SpaceX is preparing to go public in mid-2026 at a $1.5 trillion valuation. That single listing would be the largest IPO in human history — nearly double what Saudi Aramco did in 2019. The company is looking to raise $30-50 billion in a single deal.

Meanwhile, over on the public stock market most retail investors actually trade, names like PEP and SJM keep grinding lower day after day.
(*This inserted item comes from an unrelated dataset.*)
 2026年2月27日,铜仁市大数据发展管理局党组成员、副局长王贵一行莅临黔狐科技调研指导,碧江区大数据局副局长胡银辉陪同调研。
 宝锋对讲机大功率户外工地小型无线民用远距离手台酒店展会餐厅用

  • PEP down again today — a $215 billion blue-chip staple trending lower on soft guidance

  • SJM sitting at multi-year lows — another consumer staple getting left behind

  • SpaceX private valuation already at $800 billion in recent employee secondary tenders

  • $1.5 trillion IPO target — up nearly 4x from the last private round

This is the story of 2026 in one paragraph. The biggest wealth creation event of the decade is happening inside a market retail investors can't even touch, while the one they can trade grinds lower.

What's Actually Happening Here

SpaceX hasn't even filed an S-1 yet, and the company is already being priced at a $1.5 trillion valuation that would place it among the top ten most valuable companies on earth. Let that sink in for a second.

  • Revenue estimate for 2026: $22-24 billion, driven mostly by Starlink

  • Valuation: roughly 60-68x forward sales

  • IPO timing: mid-to-late 2026, possibly pushed to 2027

  • Float: only about 3.3% of total equity at listing

A tiny float, a massive valuation, and anchored demand from every sovereign wealth fund and index-tracking institution on the planet. This is not a normal IPO. This is a generational liquidity event for insiders who bought SpaceX at $30 billion or less.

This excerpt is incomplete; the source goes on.